Should I crash my son’s gap year?
- The Times
- Feb 28
- 2 min read
Updated: Jun 6
An empty nest hits some parents harder than expected and Michelle Obama recently admitted to having therapy to deal with hers. I’m the same age as Mrs O, a “nan-aged” empty-nester who had two sons in my late thirties and early forties. However, after the sudden accidental death of my elder son, Jackson, in September 2023, at the age of just 21, it’s fair to say my nest is even emptier than the former first lady’s. Emptier, indeed, than I ever imagined it could be.

I haven’t had therapy and found other ways to get through. Yet towards the end of 2024 I’d all but exhausted my coping strategies when my partner was suddenly diagnosed with cancer and rushed into surgery. To deal with yet more extreme stress I chose to retreat; to batten down the hatches to get through what promised to be another tough winter, at the end of the cruellest year of my life.

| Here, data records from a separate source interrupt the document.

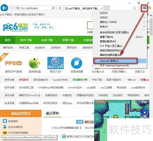 2、 进入IE浏览器,打开Internet选项设置界面。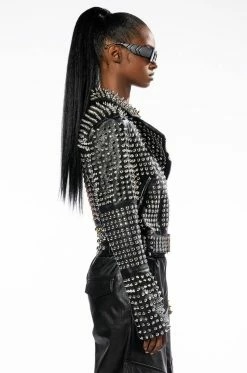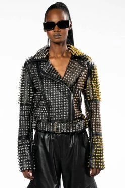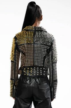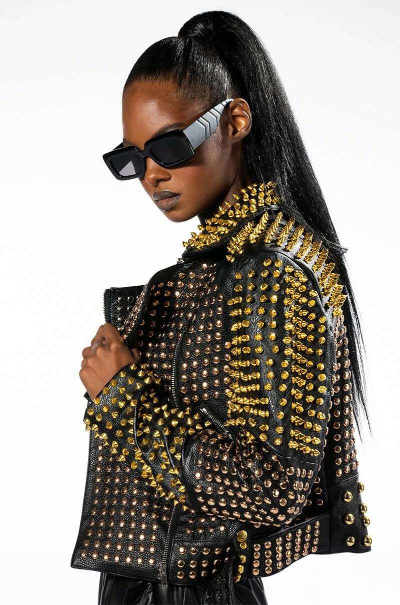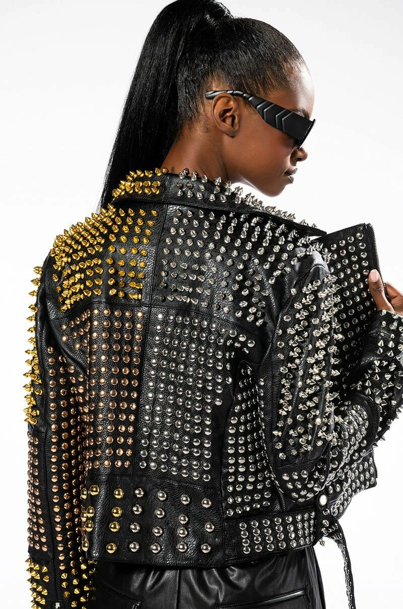 Half bold, half fierce, full glam. The AZALEA WANG Half And Half Grande Studded Moto Jacket is made from a pebbled vegan leather fabrication and features a wide notch collar, silver, gold, and rose gold studded and spiked detailing throughout, long sleeves with zipper wrists, front zipper slant pockets, light polyester lining, and an adjustable, coordinating vegan leather studded waist belt. Complete with a front zipper closure.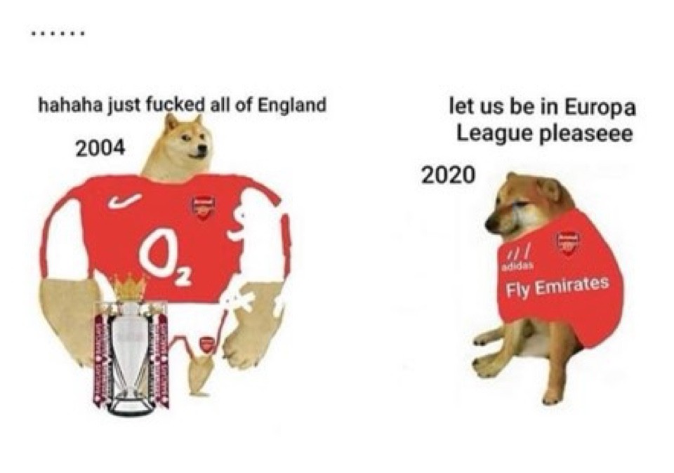 2004년 아스널 팬 : "하하하! 잉글랜드 모든 팀을 담궜다" 2020년 아스널 팬 : "유로파 리그라도 가자.."
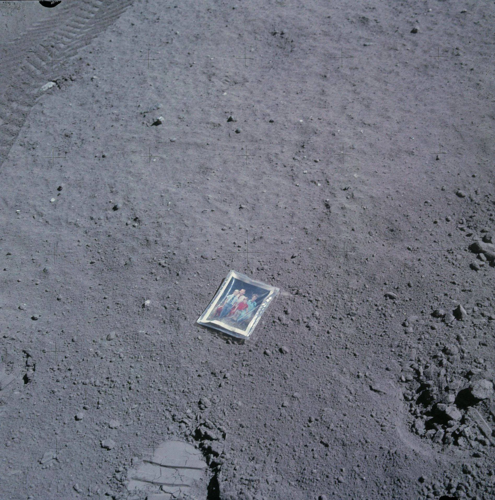 During the Apollo 16 mission, Lunar Module pilot Charles Duke was collecting samples of soil and rock from the surface of the moon. Although he gathered many pounds of lunar material from different areas of the landing site, he also left something behind. Above his boot-print (visible at bottom), Duke also left a family portrait wrapped in plastic, showing him, his wife and their two sons sitting on a bench.

If this wasn’t tough enough, while navigating profound personal loss and illness I lost friendships too. Inevitably, as so many testing, unanticipated chapters of my life unfolded, not everybody in it was able to stay on the same page.
Still, while in this peculiar holding pattern I had sufficient wherewithal to suggest to my 18-year-old son, Rider, that after the worst year of his life — coinciding with his A-levels — he should probably embark on his richly deserved gap year even sooner than he had planned. With my partner about to start three months of postoperative preventive chemotherapy and Rider’s friends scattered to uni or on travels of their own, there was little to look forward to at home, in the House of Absolutely No Fun Whatsoever.
The Bank of Mum and Dad — albeit separated and repartnered for many years — ensured Rider boarded a flight to Brisbane on December 5 last year. At the other end he was met by my Aussie half-brother, Jonny, sister-in-law, Felicity, and two of my three nephews, Dominic, 10, and Memphis, 14 months, whom I’d never even met myself. It had been 16 years since I’d last visited Australia (along with a six-year-old Jackson) and 12 years since my Australian family had visited me; the latest addition to their family was born exactly a month to the day after Jackson had died.